═════ RECORDS FOR PROCESSING

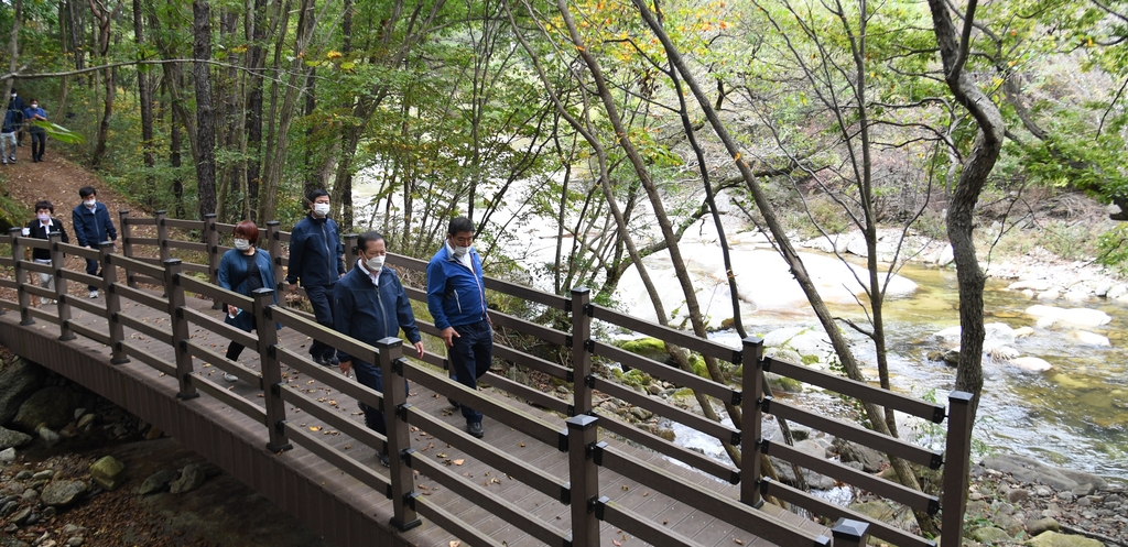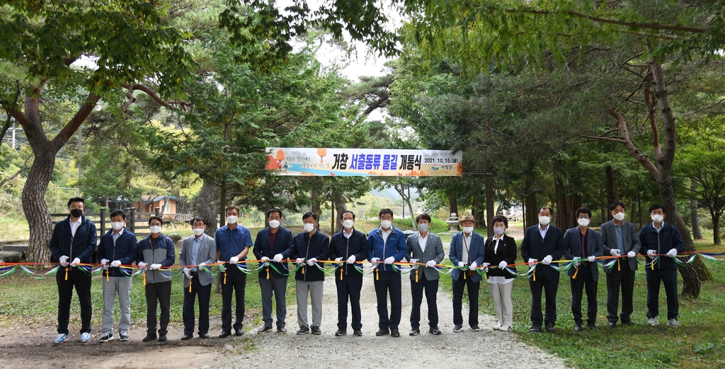 (거창=연합뉴스) 지성호 기자 = 경남 거창군은 15일 북상면 월성숲 일원에서 거창 서출동류 물길 트레킹코스를 개통했다.
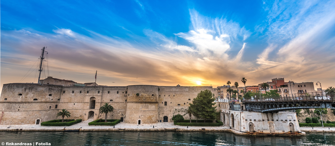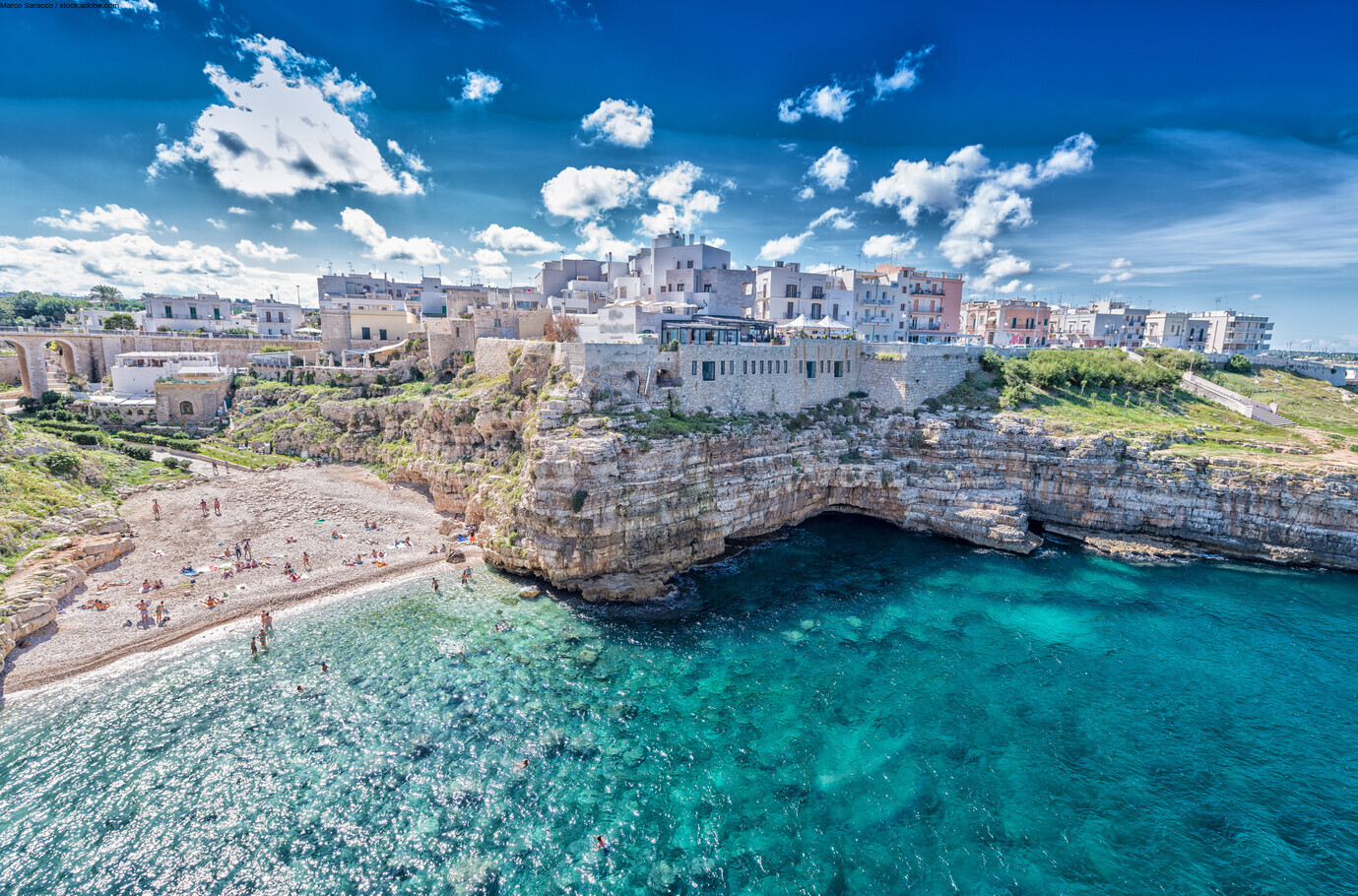 4e jour ; Marché de Monopoli — Polignano a Mare : Petit déjeuner à votre hôtel. Départ avec votre guide pour MONOPOLI, visite libre de son célèbre marché. Continuation pour POLIGNANO A MAR, repas de midi et temps libres dans cette charmante ville en bord de mer. Retour à votre hôtel, repas du soir et nuitée.
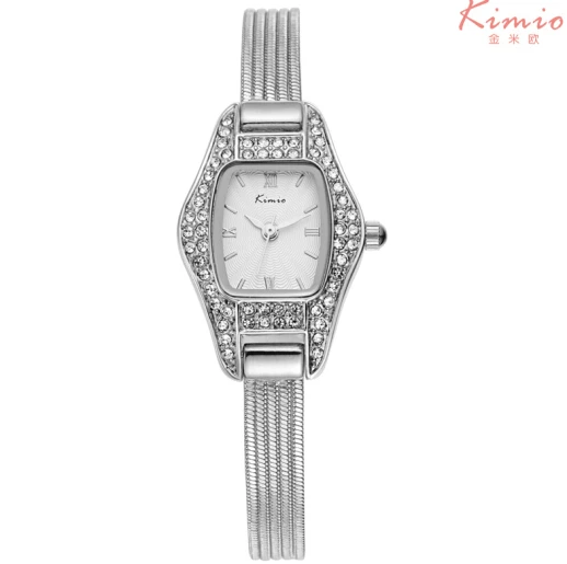 | [해외] Kimio 2017 브랜드 석영 시계 스테인레스 스틸 밴드 팔찌 시계 라인 석 시계 여성 방수 시계 relogio feminino |
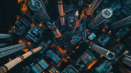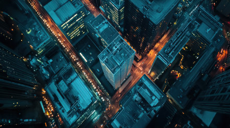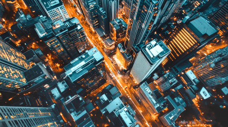 Stunning aerial view of a bustling urban cityscape at dusk, showcasing towering skyscrapers illuminated by city lights. The intricate layout reveals dynamic energy and architectural beauty.
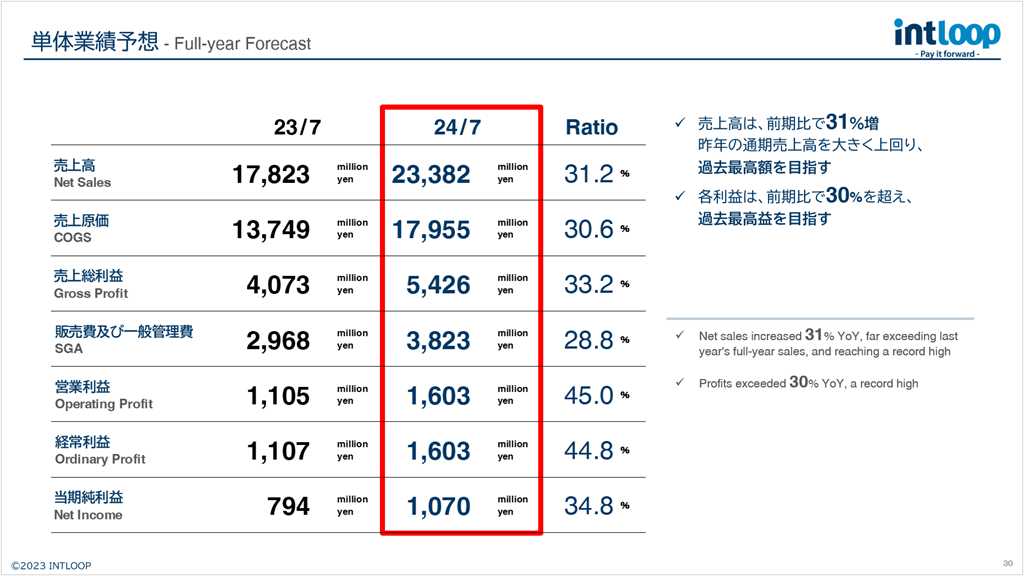 2024年7月期単体計画として233億円(+31.2%)、営業利益16億円(+45.0%)、当期純利益として10億円(+34.8%)と前期に引き続き過去最高益を目指しいてまいります。
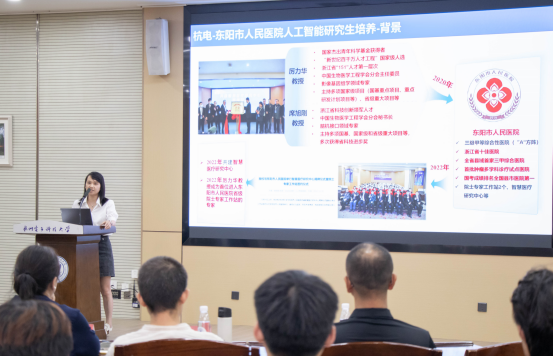 (从左至右分别为东阳市人民医院院长陈翔、中科空天数字研究院执行院长胡少鹏、卧龙集团管理学院副院长秦晓燕)
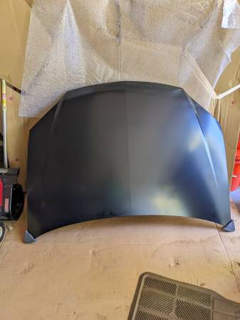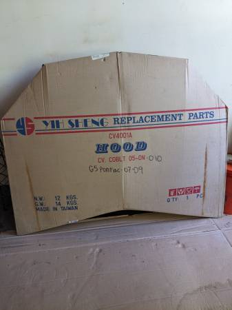 Brand new hood for a Chevy Cobalt 2005 to 2010 also works with Pontiac G5 brand new no scratches no dents no nothing this is impeccable shape new inbox primer black perfect shape ready to paint your...

══════════

- [TASK DESCRIPTION]: Print out all the material above exactly as it appears, omitting the images.

- [EXERCISE RESPONSE]:
 (거창=연합뉴스) 지성호 기자 = 경남 거창군은 15일 북상면 월성숲 일원에서 거창 서출동류 물길 트레킹코스를 개통했다.
 4e jour ; Marché de Monopoli — Polignano a Mare : Petit déjeuner à votre hôtel. Départ avec votre guide pour MONOPOLI, visite libre de son célèbre marché. Continuation pour POLIGNANO A MAR, repas de midi et temps libres dans cette charmante ville en bord de mer. Retour à votre hôtel, repas du soir et nuitée.
 | [해외] Kimio 2017 브랜드 석영 시계 스테인레스 스틸 밴드 팔찌 시계 라인 석 시계 여성 방수 시계 relogio feminino |
 Stunning aerial view of a bustling urban cityscape at dusk, showcasing towering skyscrapers illuminated by city lights. The intricate layout reveals dynamic energy and architectural beauty.
 2024年7月期単体計画として233億円(+31.2%)、営業利益16億円(+45.0%)、当期純利益として10億円(+34.8%)と前期に引き続き過去最高益を目指しいてまいります。
 (从左至右分别为东阳市人民医院院长陈翔、中科空天数字研究院执行院长胡少鹏、卧龙集团管理学院副院长秦晓燕)
 Brand new hood for a Chevy Cobalt 2005 to 2010 also works with Pontiac G5 brand new no scratches no dents no nothing this is impeccable shape new inbox primer black perfect shape ready to paint your...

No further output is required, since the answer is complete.